Gunmen have looted humanitarian compounds as fighting grips the Central African Republic town of Bria, while more than 20,000 people have fled to a nearby UN peacekeeping base, authorities said.

Concerns are mounting that sectarian violence is again spiralling out of control, even in places that were previously spared during the conflict that began in late 2013.

Clashes erupted in Bria again on Friday and the situation was worsening, according to the UN humanitarian agency. At least five people have been killed and several dozen wounded since the unrest began on Tuesday.

"Armed groups came to humanitarian compounds and pillaged a warehouse," said the agency's chief of office for the country, Joseph Inganji. "There's fighting taking place but we don't know who's fighting who."

In November, the central town was the site of fierce clashes between two splinter groups of the mostly Muslim rebel movement called Seleka that has battled with Christian militia fighters.

Human Rights Watch said at least 14 people were killed over 11 days of fighting in Bria.

Other previously calm parts of the country have seen deadly fighting in recent days.

Since May 8, more than 150 people, including six UN peacekeepers, have been killed in attacks in the south-eastern town of Bangassou, the southern town of Alinadao and in Bria, according to the UN, which has warned the death toll could rise.

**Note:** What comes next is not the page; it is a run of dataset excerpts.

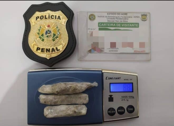 Policiais penais do Instituto de Administração Penitenciária do Acre (Iapen/AC) prenderam na manhã deste sábado, 9, uma visitante que tentava entrar com três tablete pesando 88 gramas de uma substância entorpecente aparentando ser maconha. O fato aconteceu na Unidade Penitenciária Manuel Neri da Silva, em Cruzeiro do Sul.
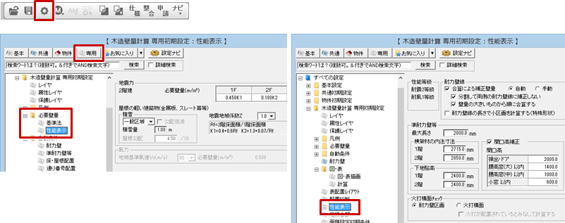 木造壁量計算の「専用初期設定:必要壁量-性能表示」で性能表示の必要壁量の条件、「専用初期設定:性能表示」で性能等級や耐力壁線などの配置条件などを確認します。その他にも「専用初期設定:凡例-床材」など構面で使用する材料、「専用初期設定:自動条件-床・屋根配置」で構面の自動配置の条件などを確認します。
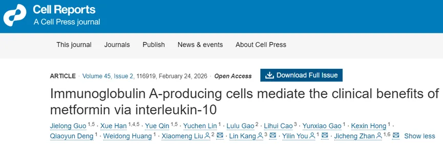 近日,中国农业大学食品学院游义琳/战吉宬教授团队在Nature Communications期刊上发表题为“Interleukin-10 expressing B lineage cells in visceral adipose tissue protect against aging-related insulin resistance and extend lifespan”的研究成果,该研究综合运用人群样本分析、基因编辑小鼠模型、细胞移植、脂肪组织原位干预等多种方法,首次证实并解析了B-10细胞作为抗衰老新靶点的功能与调控机制。该研究不仅首次阐明了B-10细胞在抵抗衰老中的作用,揭示了一种脂肪免疫微环境在衰老调控中的新机制,也为干预衰老相关代谢性疾病提供了潜在靶点。通过靶向增强B-10细胞功能或调控BAFF信号,未来有望开发出促进代谢健康、延缓衰老进程的新型治疗策略,尤其在应对全球老龄化背景下具有重要意义。中国农业大学游义琳副教授、战吉宬教授、河南医药大学刘晓萌教授、北京医院韩雪助理研究员为该论文的共同通讯作者。中国农业大学博士生、北京大学博士后郭杰龙和韩雪助理研究员为本文共同第一作者。近日,中国农业大学食品学院战吉宬/游义琳教授团队在Cell Reports期刊上发表题为“Immunoglobulin A-producing cells mediate the clinical benefits of metformin via interleukin-10”的研究成果,揭示MTF通过促进肠道免疫球蛋白A(IgA)抗体分泌细胞(ASC)的增殖和易位,从而改善胰岛素敏感性。该研究不仅阐明了二甲双胍依赖肠道‒免疫‒代谢轴发挥疗效的新机制,也为糖尿病个体化治疗提供了新视角。研究提示,二甲双胍的疗效与其对肠道微生物的调节及诱导的肠道IgA反应强度相关,这或许可解释部分患者对药物反应不佳的现象。未来可通过调控肠道菌群或靶向增强IgA‒IL-10免疫轴,优化二甲双胍的治疗效果,甚至为开发新型代谢性疾病免疫调节策略提供理论依据。中国农业大学战吉宬、游义琳,河北省平山县人民医院康琳,新乡医学院刘晓萌为该论文的共同通讯作者。中国农业大学已毕业博士生郭杰龙、韩雪、秦岳为本文共同第一作者。
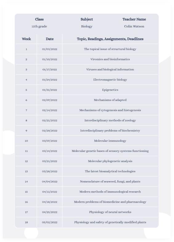 Syllabus Planner – free Google Docs TemplateIf you are a teacher, then there is another convenient template for you. Here you can write down topics for each lesson during the semester, including weeks, dates, and descriptions.
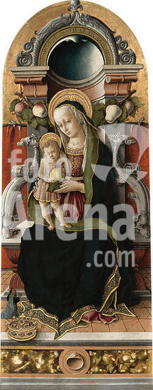 alb3700157 Madonna and Child Enthroned with Donor. Dated: 1470. Dimensions: painted surface: 125.3 x 50.7 cm (49 5/16 x 19 15/16 in.) overall (including unpainted margins): 129.5 x 54.4 cm (51 x 21 7/16 in.) framed: 185.4 x 91.8 x 7.9 cm (73 x 36 1/8 x 3 1/8 in.). Medium: tempera on poplar panel. Museum: National Gallery of Art, Washington DC. Author: Carlo Crivelli.
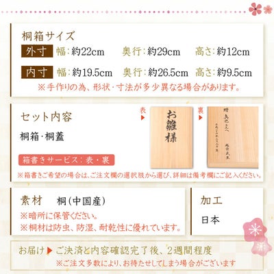 ※お人形に付属の保管箱は、厚手の紙製の箱となります。木製ではございません。ご了承くださいませ。
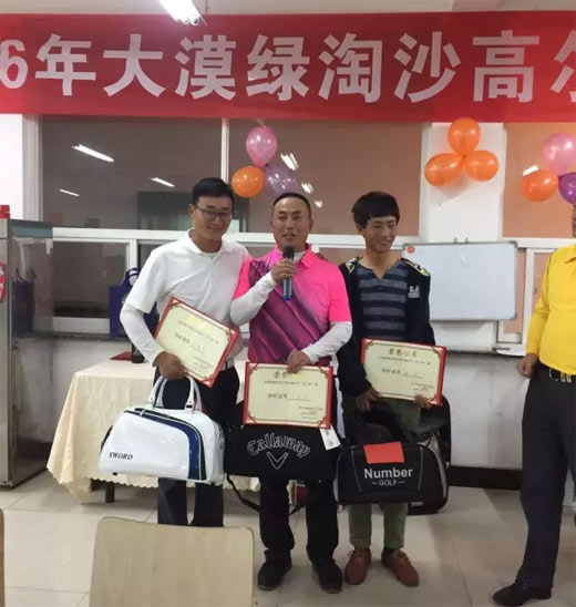 2016年,是榆林大漠绿淘沙高尔夫俱乐部开业的第六年,为了感谢和球会风雨同舟一路走来的辛勤员工,球会组织在10月8日 进行榆林绿淘沙球会球队年终赛暨2016年“员工杯”。本次比赛奖项除了设置了净杆冠军、亚军、季军、最远距离奖、最近旗杆奖、巾帼奖、BB奖外,还奖励净杆第六名、第八名、第十六名、第十八名,另外还有27份精美抽奖奖品。
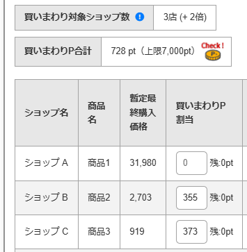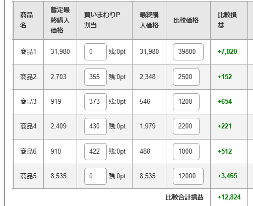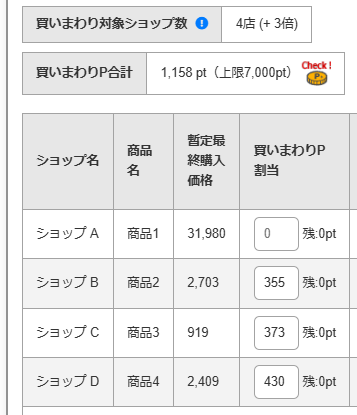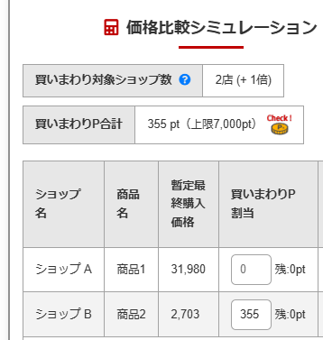 買いまわりポイントを特定の商品に割り振って、Amazonなど他のECサイトと実質価格を比較することも可能です。
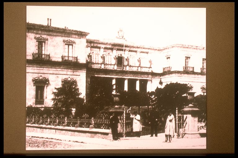 Panorámica del jardín y fachada del Palacio de la Diputación.
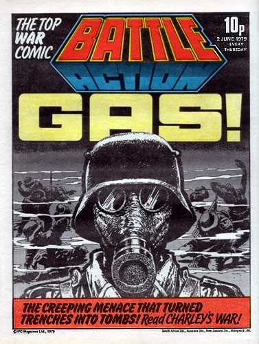 Battle was a weekly British publication for boys with stories about war. There were 664* weekly issues (from 1975 to 1988) until the title merged with Eagle (issue 306).
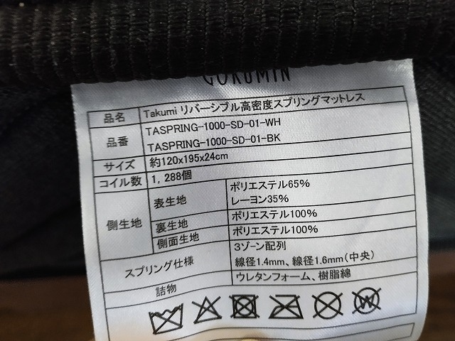 幅1230 高さ490 奥行2010 木製ベッドフレームとのセットのベッドです。スプリング数が1200超えと一般的マットレスの3~4倍ある高密度スプリングのマットレスです!目立つ傷や汚れの無い美品です! ※大型商品につき配達は自社便配達のみ承ります。又、荷受け時にお手伝いが必要です。 ※新潟県外に配達ご希望の場合、必ず事前にお問い合わせ下さい。
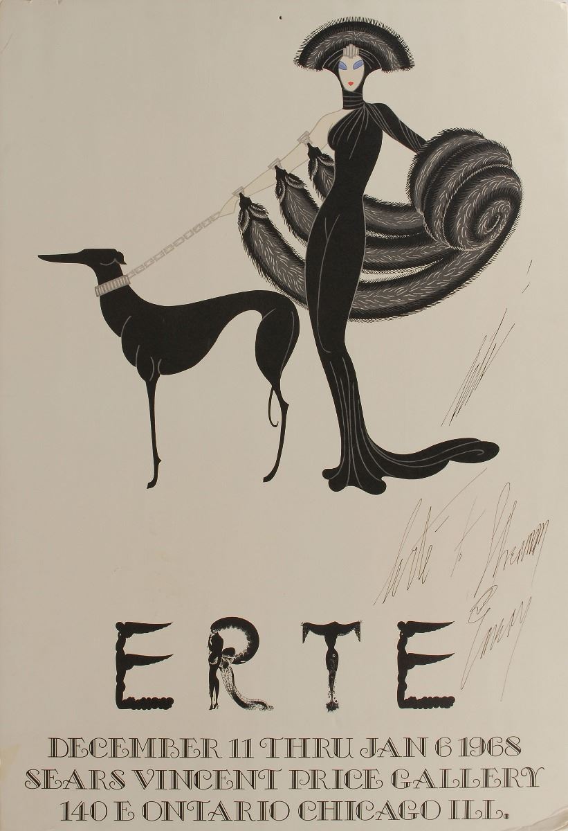 Art Deco–style color 19.75 x 29 poster for Erte’s exhibition at the Sears Vincent Price Gallery in Chicago from December 11–January 6, 1968, signed and inscribed in black felt tip, “Erte to Sherman Emery.” Mounted to a same-size sheet of foam core and in very good to fine condition, with creasing to lower right corner, a few edge dings, and a small hole to top center. Oversized.
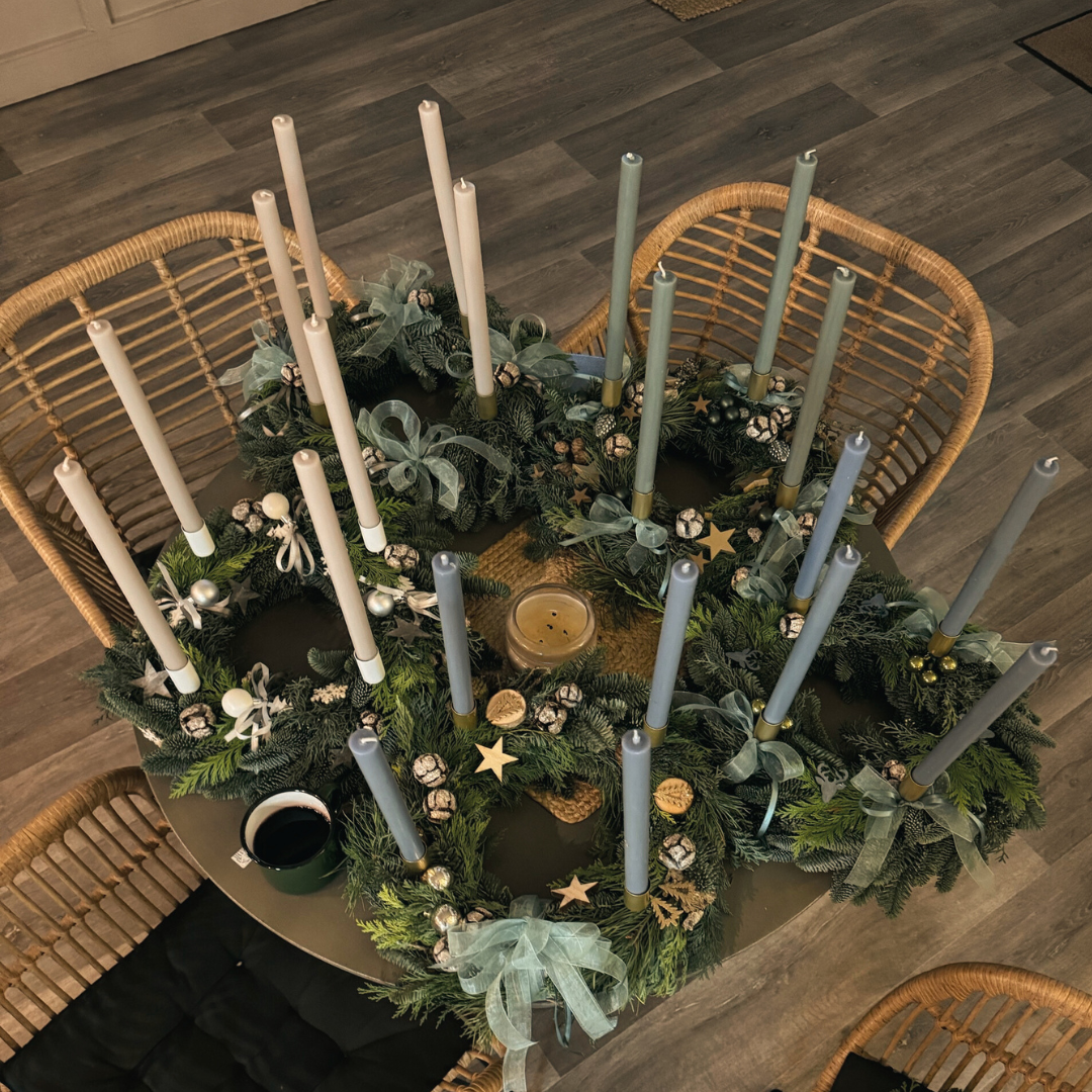 Mit vorbereiteten Rohlingen, einer Auswahl an Kerzen und vielfältigen Dekorationselementen konnte jeder Mitarbeitende einen persönlichen Kranz gestalten. Die entstandenen Designs spiegelten die Kreativität und den Teamgeist unseres Unternehmens wider.
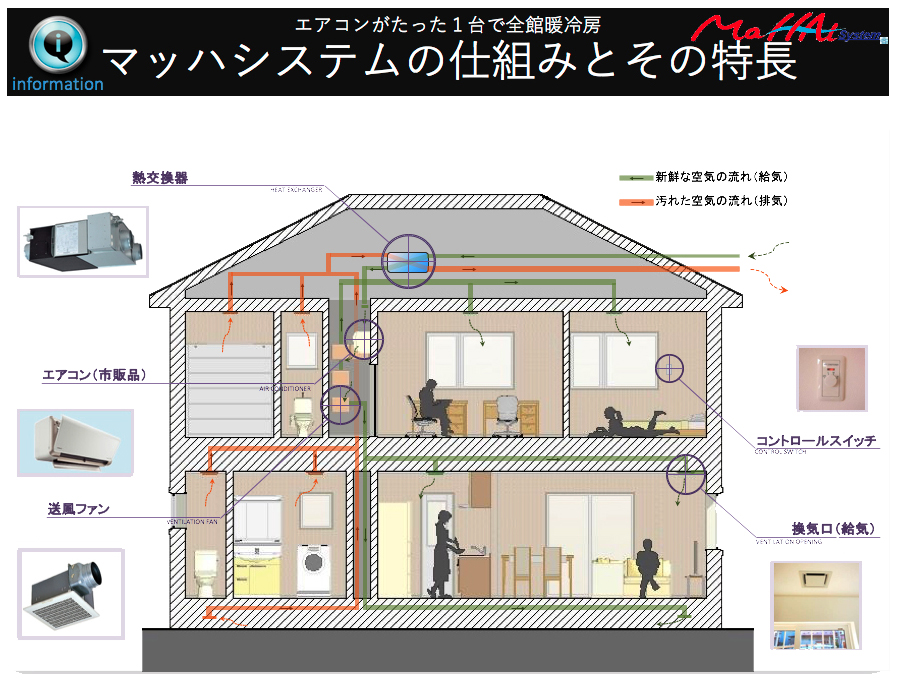MaHAt(マッハ)システムシステムは、市販のエアコン1台(※)で
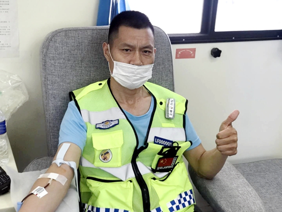 蓝峰应急救援志愿服务队队长盛强带头献血
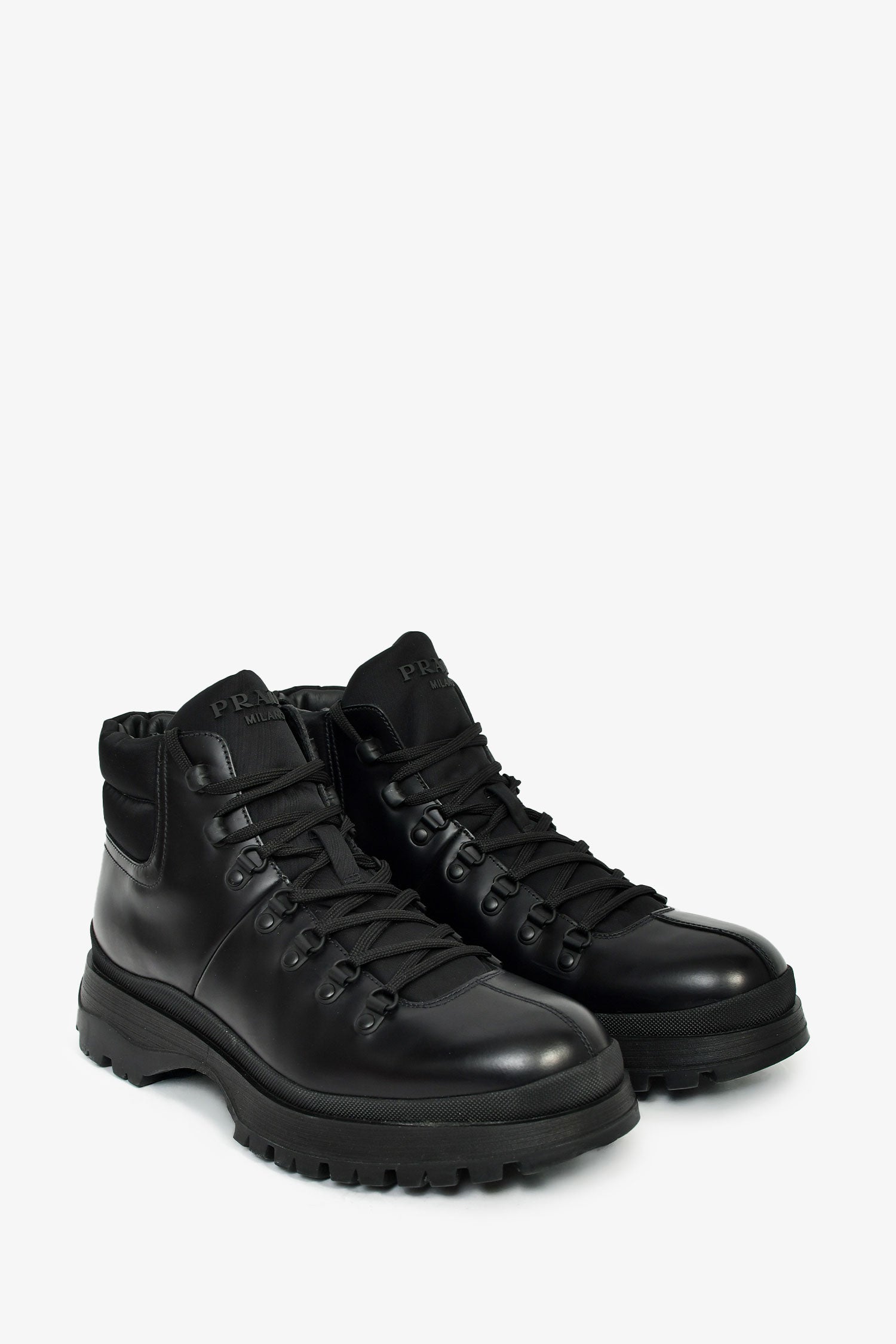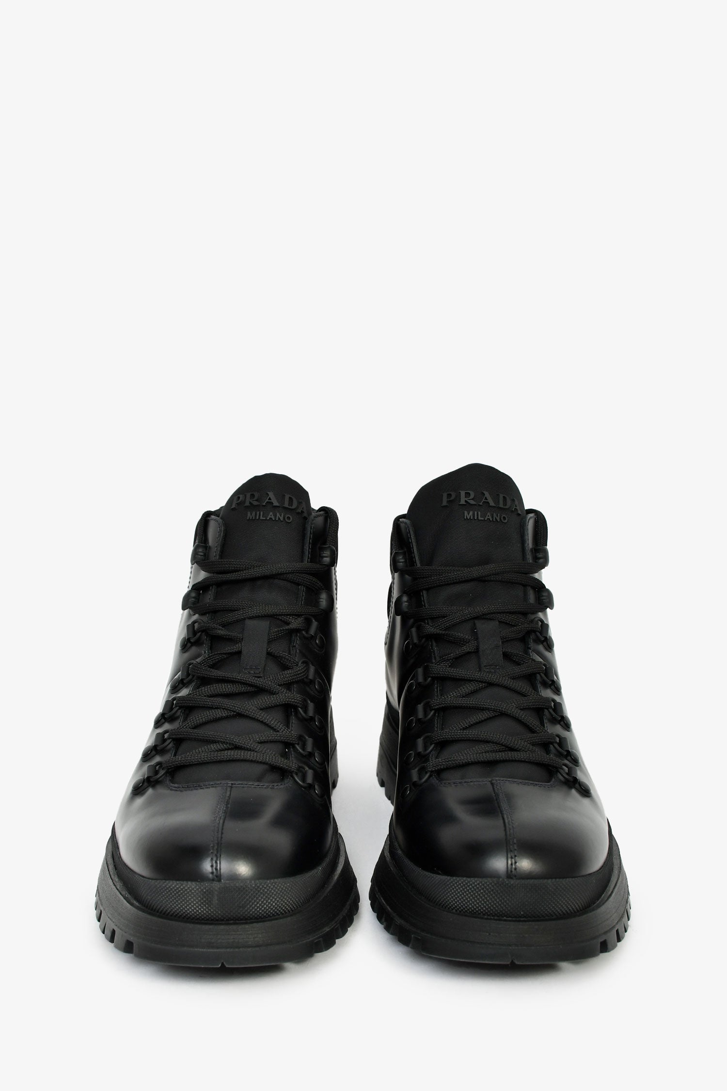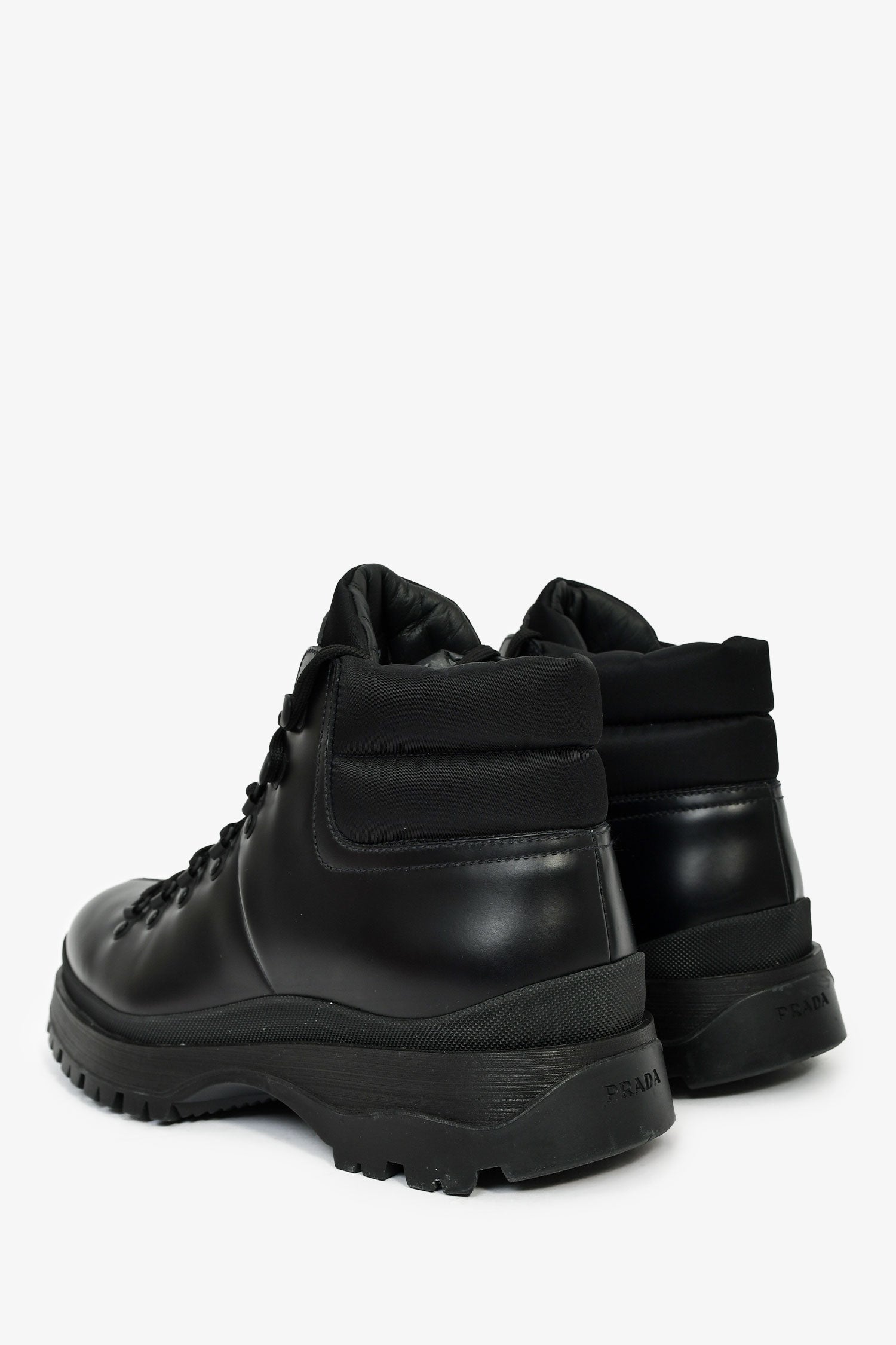 Prada Black Leather/Nylon Combat Logo Boots. Round toe. Front lace-up closure. Tonal stitching.
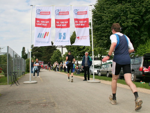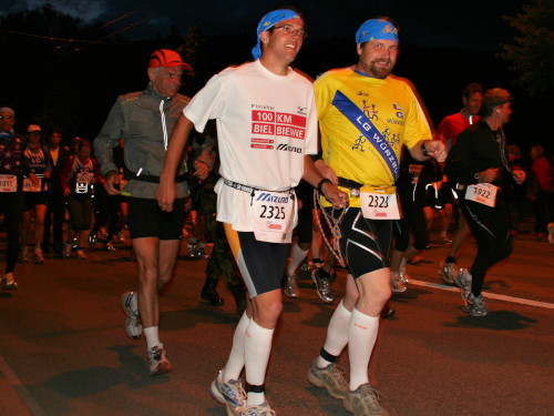 Es dämmert, die Läufer kommen über Lüterkofen und Ichertswil zum kleinen Verpflegungsposten in Bibern (km 77). Stressfrei wird die Nahrungsaufnahme erledigt. Man hat Zeit. 23 Kilometer weiter, in Biel, läuft gerade Helmut Dehaut ins Ziel (7:32 Stunden) und wird von Matthias Dippacher aus Heroldsbach erwartet, der rund 4 Minuten schneller ist. Seit sage und schreibe 38:48 Minuten ist allerdings schon Walter Jenni im Ziel, er gewinnt in 6:49:43,9 den Jubiläums-100er von Biel. Es ist noch nicht 6.00 Uhr, da hat Sonja Knöpfli als erste Frau die 100 Kilometer geschafft (7:54:51).

In the capital, Bangui, tensions were running high. People spoke of the fighting in Bangassou and Bria in hushed tones, turning up the radio whenever the names of the towns came on.

Businesses in the Muslim neighborhood of PK5 were closed in protest at the violence in Bangassou, where Muslims were reportedly targeted.

The humanitarian community's appeal for aid for Central African Republic, one of the world's poorest countries, is only 16% funded.